We plant trees that are 1) native to the area, 2) will thrive in the expected climate 40 years from now, and 3) create a natural micro environment for beneficial insects.

What that means is that we look for trees that are currently at the northern edge of their range. With help from the DNR Forest Ranger, we select species fit for the particular location’s topography, soil, and moisture.

Trees are NOT planted mindlessly in rows as mono-culture. Rather, they are organized as naturally as possible according to species preference. For example wet lovers like the Black Spruce follow the moisture channels, a higher density of the conifers on the north side so they don’t shade out the Maples, etc.

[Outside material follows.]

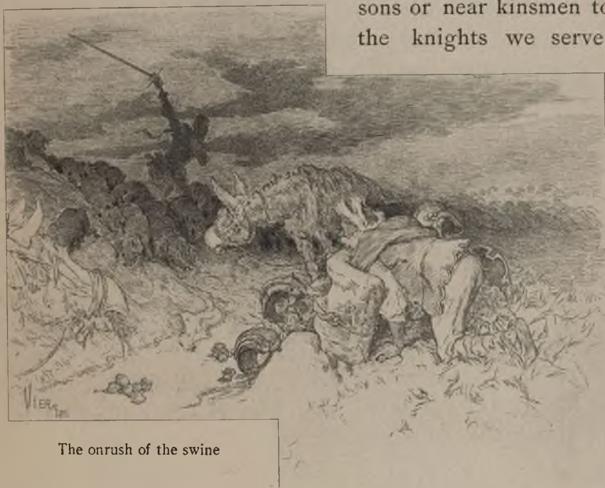
The onrush of the swine

sons or near kinsmen to the knights we serve,

Included within the new forest are small clearings as well because that’s naturally good for the birds and the bees. (Not necessarily a metaphor.)

Specifically for Plot A: (ranked in likely order of density.)

  • White Pine
  • Red Maple
  • Red Oak
  • Red Pine
  • Aspen
  • Yellow Birch
  • White Oak
  • Hard (sugar) Maple
  • Paper Birch
  • Black Walnut
  • White Spruce
  • Black Spruce

It’s important to diversify the planting stock to protect against tree disease, pests, and climate unsuitability of the future. But we also want long-lived species for maximum carbon storage.

At this time, we are unable to guarantee you a specific species. We are too new and too small. But when you buy more than one tree you are likely to own several species in your personal grove.